• WHAT TO DO:
Every line below from the one containing "EAN 6942007602334Descubre el" through the one containing "衣柜+書柜一體??提升空間利" must be transcribed exactly. Omit all lines outside that stretch.

• DATA LISTING:
═══
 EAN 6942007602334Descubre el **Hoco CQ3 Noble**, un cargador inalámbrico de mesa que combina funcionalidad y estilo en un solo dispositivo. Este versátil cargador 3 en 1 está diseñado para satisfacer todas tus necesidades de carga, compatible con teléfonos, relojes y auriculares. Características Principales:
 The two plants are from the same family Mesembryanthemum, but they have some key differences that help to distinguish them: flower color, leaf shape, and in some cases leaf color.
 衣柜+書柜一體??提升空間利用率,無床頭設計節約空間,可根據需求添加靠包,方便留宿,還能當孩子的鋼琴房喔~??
═══
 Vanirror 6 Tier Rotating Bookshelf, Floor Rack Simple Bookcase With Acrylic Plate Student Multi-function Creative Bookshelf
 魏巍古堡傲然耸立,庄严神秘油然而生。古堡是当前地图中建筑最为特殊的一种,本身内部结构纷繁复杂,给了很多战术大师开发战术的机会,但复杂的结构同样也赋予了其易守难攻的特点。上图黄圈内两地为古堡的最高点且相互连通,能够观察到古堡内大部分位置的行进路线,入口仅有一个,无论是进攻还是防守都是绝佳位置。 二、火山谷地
═══
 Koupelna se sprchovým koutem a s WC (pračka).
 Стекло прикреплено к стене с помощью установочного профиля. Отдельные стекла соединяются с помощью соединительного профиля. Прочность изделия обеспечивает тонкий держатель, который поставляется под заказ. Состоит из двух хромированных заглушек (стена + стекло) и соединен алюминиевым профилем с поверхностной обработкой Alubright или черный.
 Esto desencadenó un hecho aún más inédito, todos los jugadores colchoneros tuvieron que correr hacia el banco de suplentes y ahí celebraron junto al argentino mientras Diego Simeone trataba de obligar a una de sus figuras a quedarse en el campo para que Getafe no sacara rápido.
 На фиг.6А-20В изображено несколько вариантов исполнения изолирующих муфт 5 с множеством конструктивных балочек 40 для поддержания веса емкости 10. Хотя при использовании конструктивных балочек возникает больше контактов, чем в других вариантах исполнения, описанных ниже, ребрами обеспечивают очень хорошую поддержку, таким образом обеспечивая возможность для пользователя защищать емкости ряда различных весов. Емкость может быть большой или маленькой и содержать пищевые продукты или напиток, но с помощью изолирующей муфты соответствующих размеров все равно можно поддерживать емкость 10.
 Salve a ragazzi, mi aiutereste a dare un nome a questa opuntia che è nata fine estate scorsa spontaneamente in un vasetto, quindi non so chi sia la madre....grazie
═══
• SOLUTION:
 EAN 6942007602334Descubre el **Hoco CQ3 Noble**, un cargador inalámbrico de mesa que combina funcionalidad y estilo en un solo dispositivo. Este versátil cargador 3 en 1 está diseñado para satisfacer todas tus necesidades de carga, compatible con teléfonos, relojes y auriculares. Características Principales:
 The two plants are from the same family Mesembryanthemum, but they have some key differences that help to distinguish them: flower color, leaf shape, and in some cases leaf color.
 衣柜+書柜一體??提升空間利用率,無床頭設計節約空間,可根據需求添加靠包,方便留宿,還能當孩子的鋼琴房喔~??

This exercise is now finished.